Are there any risks associated with male breast surgery (gynecomastia)?
Risks are unwanted events that may occur during or following surgery. These events are recognized as “complications” but their occurrence is minimized by appropriate patient selection, proper surgical decision making, effective surgical technique, and thorough preoperative and postoperative patient management.

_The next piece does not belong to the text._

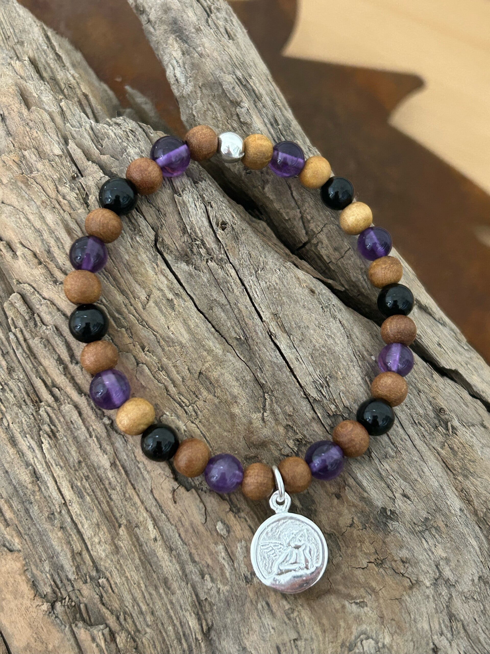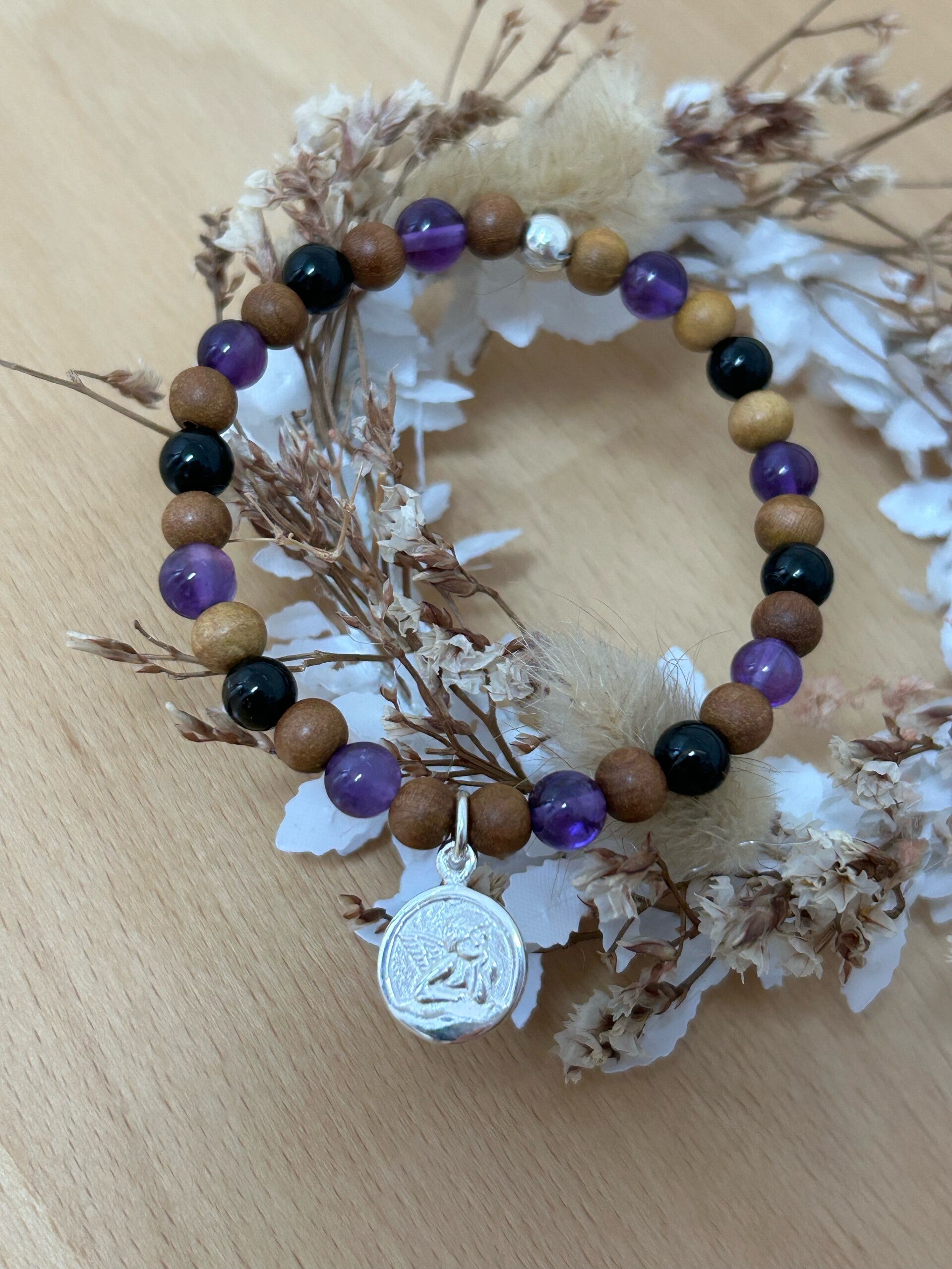 Hinweis: mit Stretch-Band; Silber 925 Anhänger "Schutzengel"; Sandelholzkugeln 6mm; Kugeln 6mm
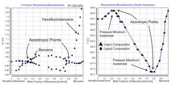 Il ne peut y avoir un point azéotrope dans un diagramme binaire que pour des solutions non idéales (la loi de Raoult est formellement incapable de représenter un azéotrope) de liquides totalement miscibles. Dans ces solutions réelles les interactions entre 2 constituants A et B sont de natures différentes des interactions de type A - A ou de type B - B. Par exemple, à pression atmosphérique, un mélange à 96 % d'éthanol et 4 % d'eau présente un azéotrope qui bout à 78,1 °C[2]. Cette température est inférieure à celle de l'eau pure (100 °C) et celle de l'éthanol pur (78,4 °C). En pratique, une différence de température d'ébullition de 0,3 °C est difficile à exploiter.

- Hematoma: Hematoma refers to the accumulation of blood in the early postoperative period, which pools into a dissected pocket. Hematomas provide a perfect medium for harboring growth of bacteria. In fact, if the patient has an infection anywhere in the body, the bacteria will travel through the blood stream and resettle in the hematoma; this can lead to an infection and subsequent wound development. In order to avoid a hematoma, drains can be placed in surgery so that any fluid accumulation can be drained. In addition, patients are evaluated preoperatively to make sure that they do not have a blood clotting deficiency. Finally, patients are asked to wear a breast compression garment at all times for the 1st two weeks to prevent hematoma formation.
- Seroma: Seroma formation refers to the accumulation of plasma fluid in pockets created by surgical elevation of the soft tissue and disruption of vessels. This fluid may accumulate if the patient’s blood count is low and/or the patient’s nutrition poor. When nutrition is poor, protein levels in the blood are diminished which promotes leakage of this plasma fluid out of vessels. This fluid can be a nuisance to patients often requiring several aspirations in the office prior to its resolution. More importantly, these plasma fluid pockets may harbor bacterial growth and result in a clinical infection. Drains can be placed in surgery and are very effective in preventing seroma formation. Additionally, patients are asked to wear a breast compression garment over the 1st two weeks to prevent seroma formation.

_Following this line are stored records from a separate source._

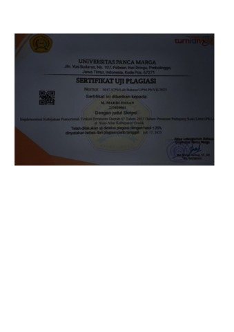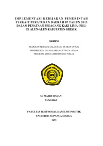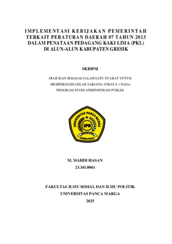 HASAN, M. MAHDI (2025) IMPLEMENTASI KEBIJAKAN PEMERINTAH TERKAIT PERATURAN DAERAH 07 TAHUN 2013 DALAM PENATAAN PEDAGANG KAKI LIMA (PKL) DI ALUN-ALUN KABUPATEN GRESIK. Skripsi thesis, Universitas Panca Marga.
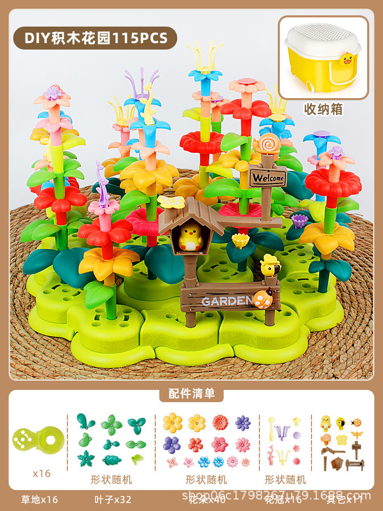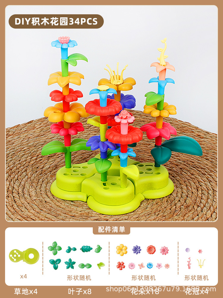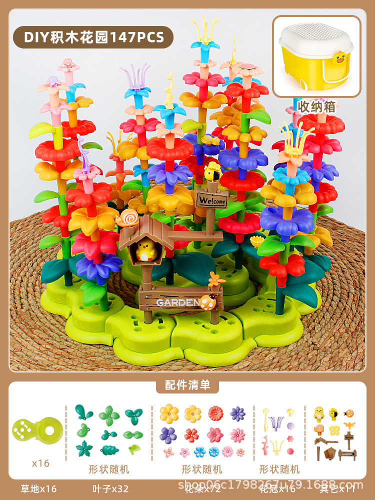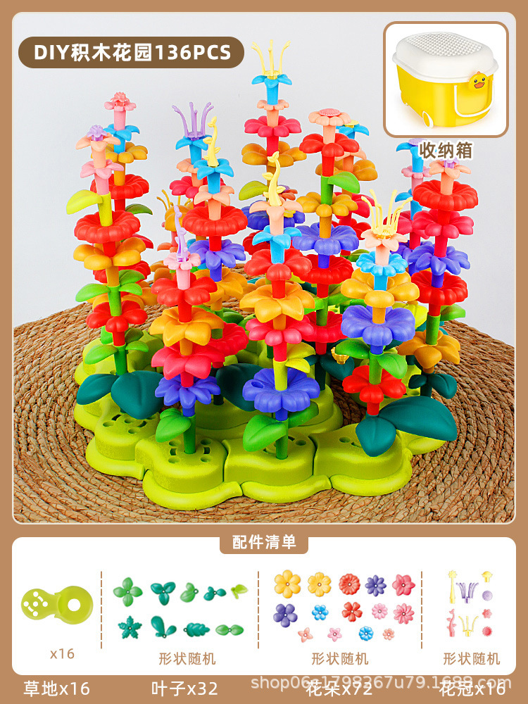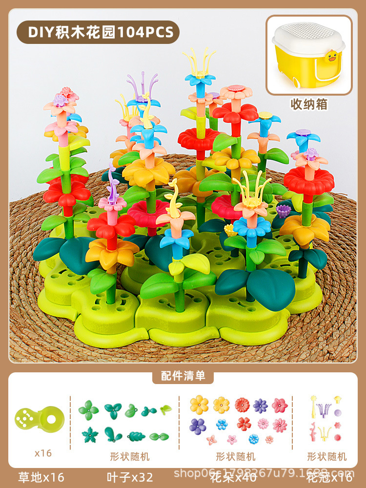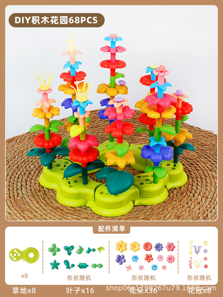 새로운 꽃 빌딩 블록 조립 교육 장난감 소녀의 다양한 정원 DIY 꽃꽂이 어린이 청하이 장난감 도매스토어 가기
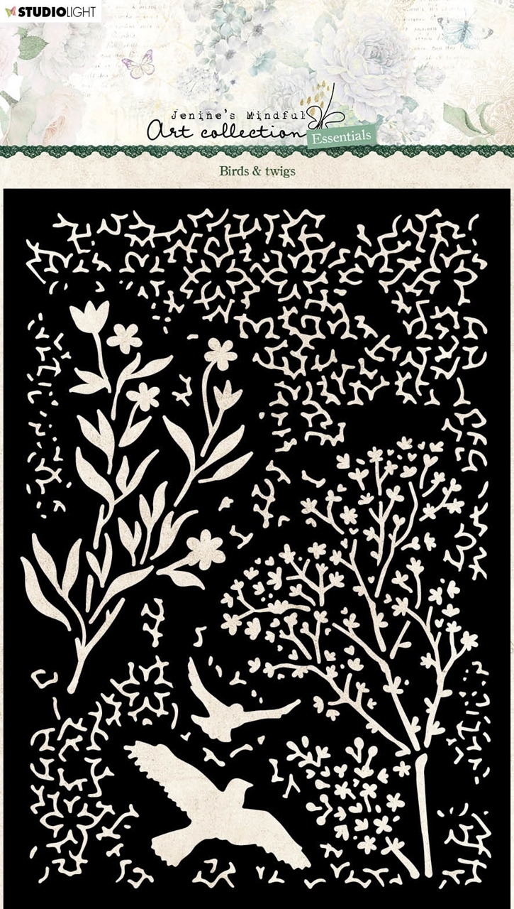 👉 Η συσκευασία περιέχει ένα στένσιλ με κλαδιά, λουλούδια, πουλιά και άλλα αφηρημένα σχέδια.

- Infection: An infection can occur after male breast surgery and result in disruption of surgical incision lines and may leave the patient with an open breast wound. Prolonged antibiotics may be required to fight an infection and to prevent further extension of the infection. Risk of infections are avoided by using sterile technique, using intra-operative antibiotics, and sealing all incisions sites so that bacteria can’t get in through external contact. In addition, infections are less likely in patients who don’t smoke cigarettes or in smokers who quit smoking for at least 1 month prior to surgery.
- Skin edge compromise/death: The skin incision can be disrupted if the skin edge is vascularly compromised and/or dies or if there is local infection. This complication is best avoided by counseling patients on the terrible consequences of nicotine in cigarettes. Nicotine will literally clog all the small vessels found in the skin, which are critical for the delivery of nutrients and healing of the skin edge. Male breast surgery patients are usually mandated to quit smoking for at least 1 month prior to surgery. In addition, uncontrolled diabetes can lead to the undesired sloughing of the skin. Diabetic patients are urged to be vigilant about controlling their blood sugar levels prior to surgery. If patients develop an open wound, they will require prolonged local wound care with frequent dressing changes. Unfortunately, any delays in healing of the skin edges will compromise your aesthetic outcome.

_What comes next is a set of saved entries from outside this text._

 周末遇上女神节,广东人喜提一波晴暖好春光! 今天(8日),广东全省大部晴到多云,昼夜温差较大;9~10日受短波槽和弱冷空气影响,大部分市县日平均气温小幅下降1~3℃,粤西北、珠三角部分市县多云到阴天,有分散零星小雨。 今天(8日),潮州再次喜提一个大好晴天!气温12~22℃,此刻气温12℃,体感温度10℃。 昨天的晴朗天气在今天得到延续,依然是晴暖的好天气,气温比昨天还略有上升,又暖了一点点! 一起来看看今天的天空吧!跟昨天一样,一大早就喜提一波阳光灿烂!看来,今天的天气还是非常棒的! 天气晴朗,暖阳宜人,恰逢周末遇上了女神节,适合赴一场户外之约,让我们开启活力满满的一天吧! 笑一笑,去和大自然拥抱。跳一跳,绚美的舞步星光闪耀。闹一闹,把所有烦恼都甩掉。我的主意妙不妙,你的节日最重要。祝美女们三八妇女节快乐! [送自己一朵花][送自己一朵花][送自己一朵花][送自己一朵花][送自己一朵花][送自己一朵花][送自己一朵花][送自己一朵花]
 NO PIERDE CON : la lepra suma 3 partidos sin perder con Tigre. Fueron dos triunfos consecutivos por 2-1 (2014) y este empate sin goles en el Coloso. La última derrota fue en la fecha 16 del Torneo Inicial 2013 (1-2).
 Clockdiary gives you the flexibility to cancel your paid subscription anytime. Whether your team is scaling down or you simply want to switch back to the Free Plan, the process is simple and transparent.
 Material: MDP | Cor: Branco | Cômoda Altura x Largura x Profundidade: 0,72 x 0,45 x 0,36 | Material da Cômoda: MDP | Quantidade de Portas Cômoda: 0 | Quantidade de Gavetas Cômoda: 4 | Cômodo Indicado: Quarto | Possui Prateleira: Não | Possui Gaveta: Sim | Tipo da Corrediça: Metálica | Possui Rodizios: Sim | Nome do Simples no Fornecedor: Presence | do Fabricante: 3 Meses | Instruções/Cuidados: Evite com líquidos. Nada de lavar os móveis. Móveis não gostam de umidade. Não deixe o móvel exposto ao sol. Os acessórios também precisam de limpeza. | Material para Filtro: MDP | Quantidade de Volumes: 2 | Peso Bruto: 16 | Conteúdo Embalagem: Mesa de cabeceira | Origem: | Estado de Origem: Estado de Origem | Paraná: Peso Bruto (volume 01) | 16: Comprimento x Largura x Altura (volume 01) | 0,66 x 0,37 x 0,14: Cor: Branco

- Pulmonary embolism: Blood clots may form in leg veins during any surgery when the patient is under general anesthesia. Patients with a leg vein clot will complain postoperatively of pain in their calves. Patient’s with this complaint should be taken seriously and treated if a vein clot is diagnosed. Early treatment of patients with a deep leg vein will avoid migration of leg vein clot to the heart and lungs causing pulmonary embolism. Even though pulmonary emboli are rare, pulmonary emboli are the leading cause of death after surgery. Pulmonary emboli must be detected early by performing a CT Scan and should be treated urgently.